Posted by Levislade | October 26, 2007 10:28 AM
4

Fuck Terry Eagleton. Seriously, fuck him and fuck anyone else who describes himself as a Marxist. The ideologies derived from Marxism, Leninism, Stalinism, Maoism and others have killed far more people than fascism ever managed to. Making them more repulsive than fascism is their claim that shedding this blood was necessary to build a better world. Anyone in 2007 who describes himself as a Marxist should be treated with the same withering contempt as anyone describing himself as a fascist or a Nazi.


Posted by wile_e_quixote | October 26, 2007 11:09 AM
5

Maybe you should ask Dan that question.

Posted by wf | October 26, 2007 11:16 AM
6

i'm still digesting this one: "...he puffed through roll-ups, winding up the back row with his eased-up, fag-honed tones."

them britishers sure gots fancy terms for smoking!

Posted by maxsolomon | October 26, 2007 11:26 AM
7

In the UK there were also the 07/07 attacks on the London Subways, it's not merely 9/11. Yes, god forbid some people from casting off a horrid relic of an ideology (marxism, maoism, whatever) and realizing that their are larger threats to civilization than an gender/ethnic studies department getting reduced funding.

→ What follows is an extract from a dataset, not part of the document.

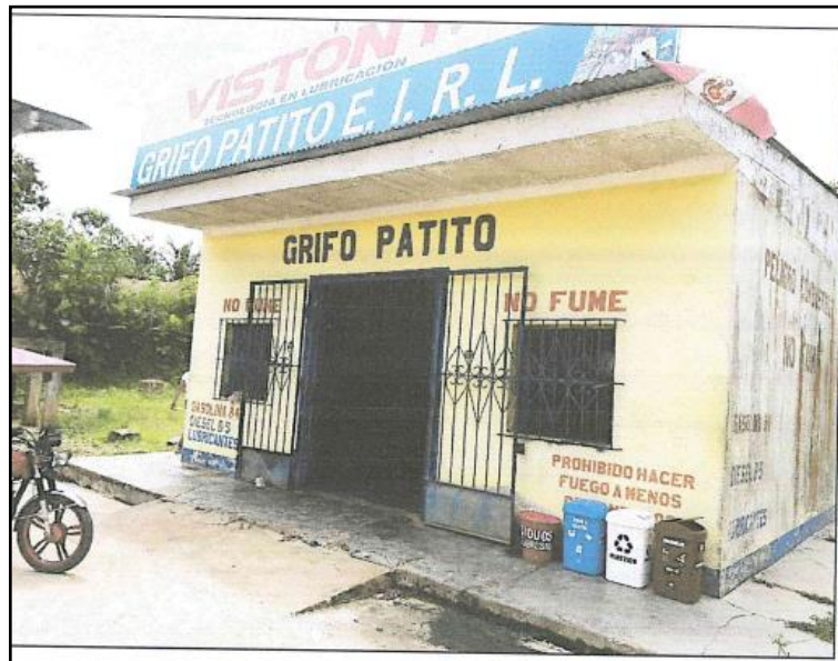
Imagen N° 4: Escrito de descargos

Decenio de la Igualdad de Oportunidades para Mujeres y Hombres Año de la Lucha contra la Corrupción y la Impunidad
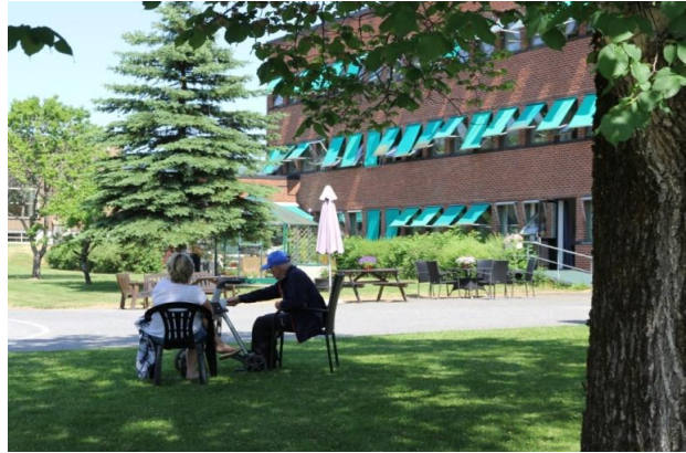
Det store treet gir beskyttelse mot solsteken. Naturen kan gjerne være nær husene. Beboere og besøkende i samtale under naturens tak ved Gjerpen sykehjem.

Naturkontakt er grunnleggende viktig og gir:

I agree with the above commentator, anyone who still brandishes the label of "marxist" should be equated with anyone still calling themselves a "facist."

Posted by aarons | October 26, 2007 11:26 AM
8

In Hitchens' case I think his former liberal cred coupled with his willingness to shill for the neocon position with rhetoric that resonates with liberals ("they're coming for our freedoms!" essentially) plus his native irascibility make him a natural pundit, which seems to be paying him well. He sounds very sure of himself and very British and that makes for good TV.

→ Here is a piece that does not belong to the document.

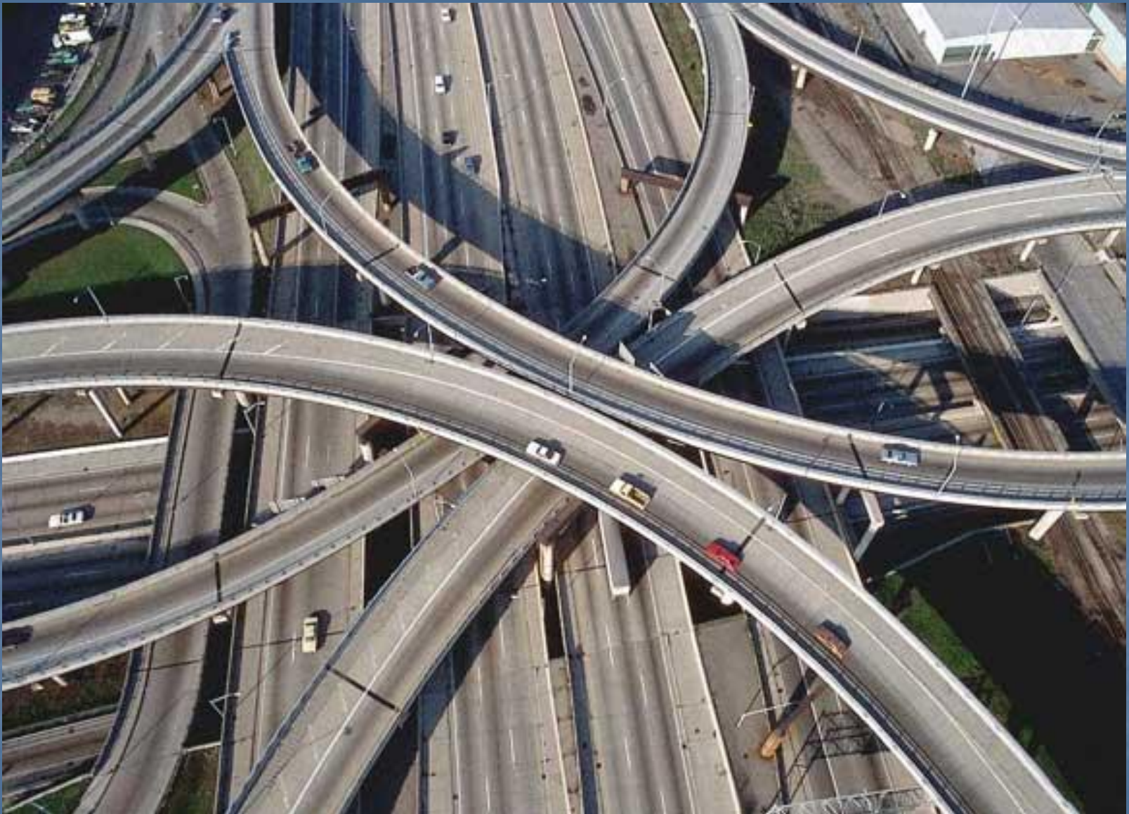
Развязки городских автомагистралей

The reasons for Rushdie's current position on radical Islam seem pretty obvious.

For the others? Maybe grouchy-old-man disease? Maybe the tendency for yesterday's radicals to become today's entrenched establishment? People with mortgages and alimony tend to become more conservative.

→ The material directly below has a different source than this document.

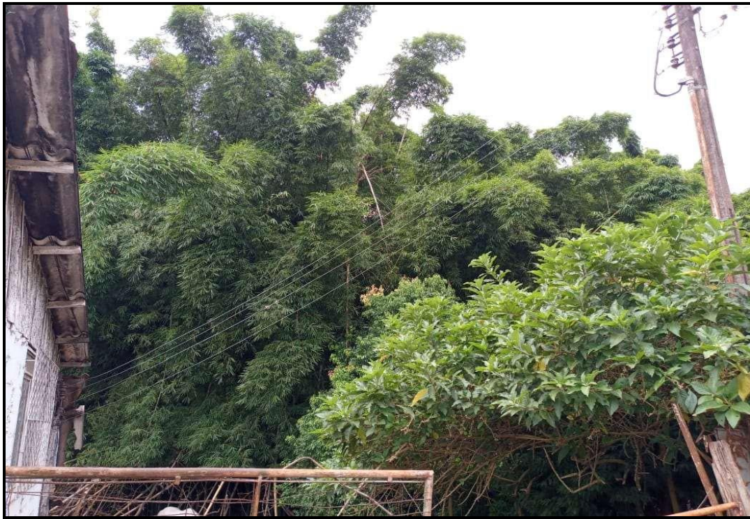
Touceira ao fundo da agropecuária

Posted by flamingbanjo | October 26, 2007 11:27 AM
9

I know what a comb-over is, but what is a Charlton comb-over?

Posted by inkweary | October 26, 2007 12:03 PM
10

The issue here seems to be that these writers need to up-mod their wardrobe a bit; they need to go from "frumpy-stale" to "frumpy-chic".

It's time to lose the whole padded elbow thing, it's played out and carries too much historical baggage, & it's as cliché as cargo pants on trustifarians. Their shoes should have a restrained pizzaz, utilitarian with a touch of flair. Earth toned ties are tried and true, but can be boring, add a platinum clip/cufflink set for an elegant twist. Throw on a nice belt, maybe opt for a pocketwatch.

No more will the masses think you're some mumbly old fart, but relevant again and lookin' good for revolution.

Posted by gucci clad marxist | October 26, 2007 12:38 PM
11

Rushdie has been railing against radical Islam since well before 9/11, and, as #8 notes, it shouldn't be too hard to figure out why. There's also a fundamental difference between Rushdie, and Hitchens and Amis. Rushdie is actually sympathetic to moderal Muslims and doesn't try to demonize all of Islam.

Posted by keshmeshi | October 26, 2007 1:09 PM
12
Posted by Kiru Banzai | October 26, 2007 11:05 PM
13

Martin Amis needs to spend some time posting hot snapshots of the United Bitches of Benetton to the Time Out London blog, maybe drop a little Foucault, a little Nabokov. Then he'd be a writer worth considering.